One of the 75 or so writers huddled around Coach K suggested that person was NCAA president Mark Emmert.

“Mark Emmert does not run college basketball,” Coach K said, crisply.

“Mark Emmert is the president of the NCAA. So you can’t give me a name. And that is a problem. Because there is no pinpoint response, there’s no leadership. So it’s run by a committee.

“You can’t have a billion dollar industry run by committee and have it keep up to date with all of the things that have occurred within that industry. From outside completion, which the NBA is. It’s great. But it is.

“We are totally reactionary to the NBA. Totally.

“In situations like what just happened, it was a court of law, not something  that was done with the NCAA. Like what powers does the organization that is supposed to be responsible for our sport have in making sure our sport is done properly.

“So I have no problem with speaking up. What’s the forum for it? Is this (group interview) the forum? That’s cool. I’m not sure that’s going to lead to anything.
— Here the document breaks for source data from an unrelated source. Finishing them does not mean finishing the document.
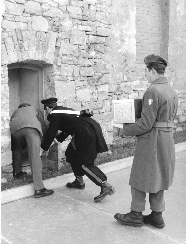 I militari depongono le cassette delle ceneri nella nicchia ricavata nel muro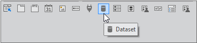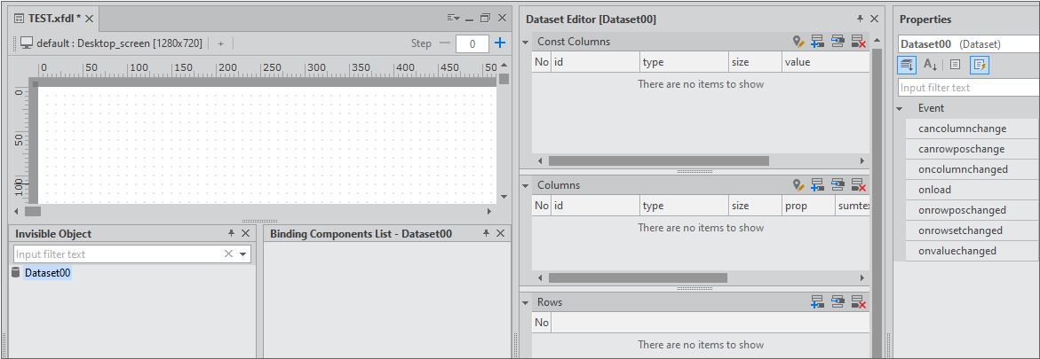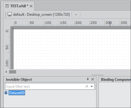 Button 컴포넌트와 다르게 Dataset 오브젝트는 화면에 표시되지 않습니다. Dataset 오브젝트는 데이터를 관리하는 보이지 않는 형태이기 때문입니다. 이런 오브젝트는 Invisible Object 창에 따로 표시합니다.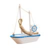 1Pc Mini Mediterranean Style Marine Nautical Wooden Blue Sailing Boat Ship Wood Crafts Ornaments Party Room Home Decoration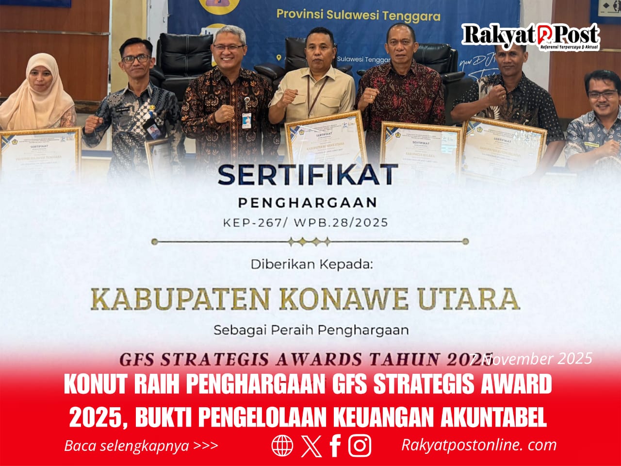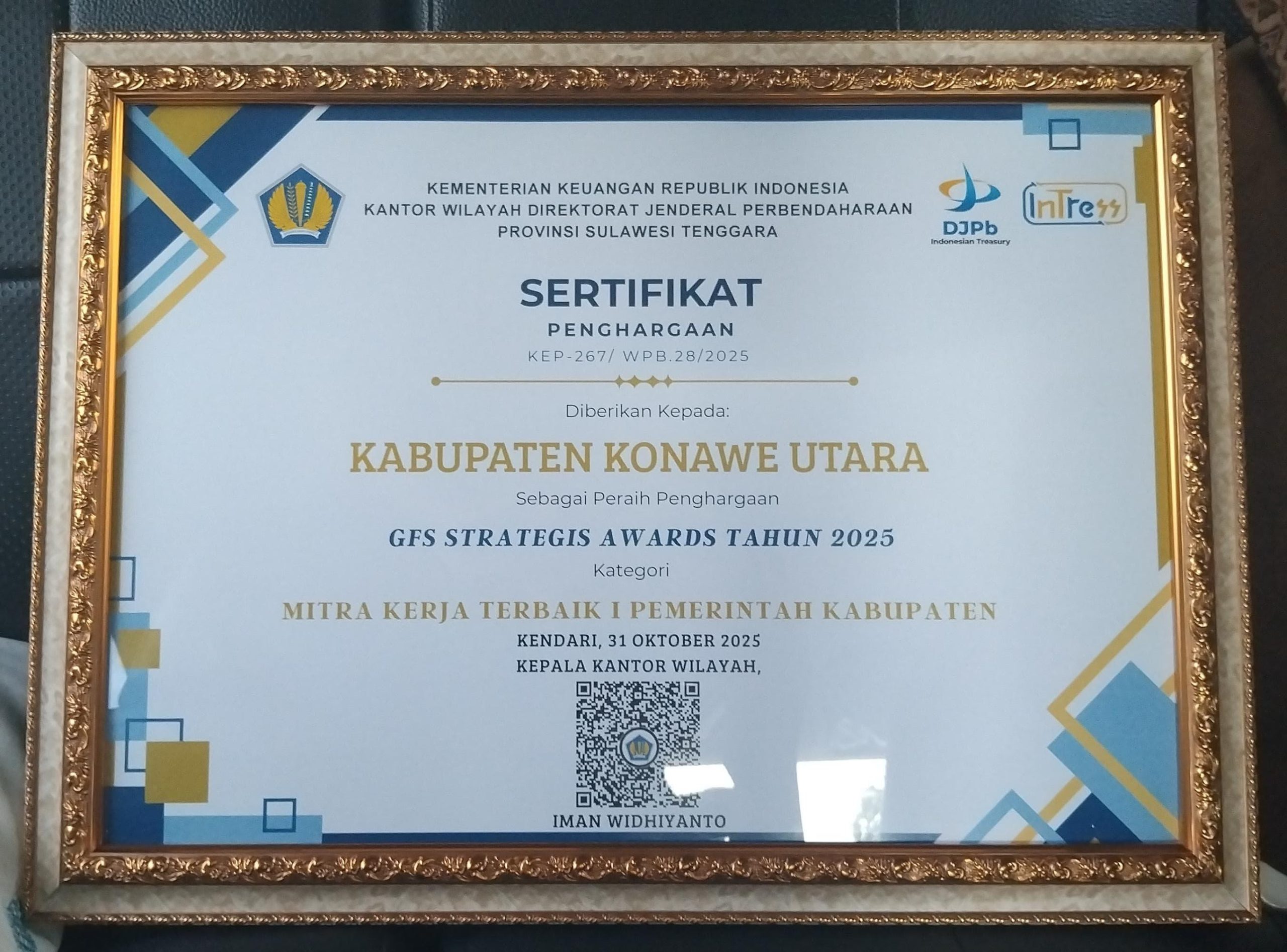 Kali ini, Pemkab Konut berhasil meraih Penghargaan GFS Strategis Awards Tahun 2025 untuk kategori Mitra Kerja Terbaik I Pemerintah Kabupaten.

“But if there was a way of incorporating the people that are very knowledgable about the game, care about the game, in an organization and a structure where you can take thoughts into action.

“Look, I’m sorry we don’t have that. I’ve been working over 40 years doing it and we don’t have that.”

What college basketball does have is the same background noise that it had last season and the year before that and they year before that and …

The game has a compelling, entertaining product, headlined by a dynamic league with future pros and Hall of Fame coaches like Williams and Krzyzewski. Another season of ACC basketball is about to begin. And I can’t wait.

But the game also has an ongoing tug-of-war about what the rules should be and how they can be enforced. That isn’t so wonderful.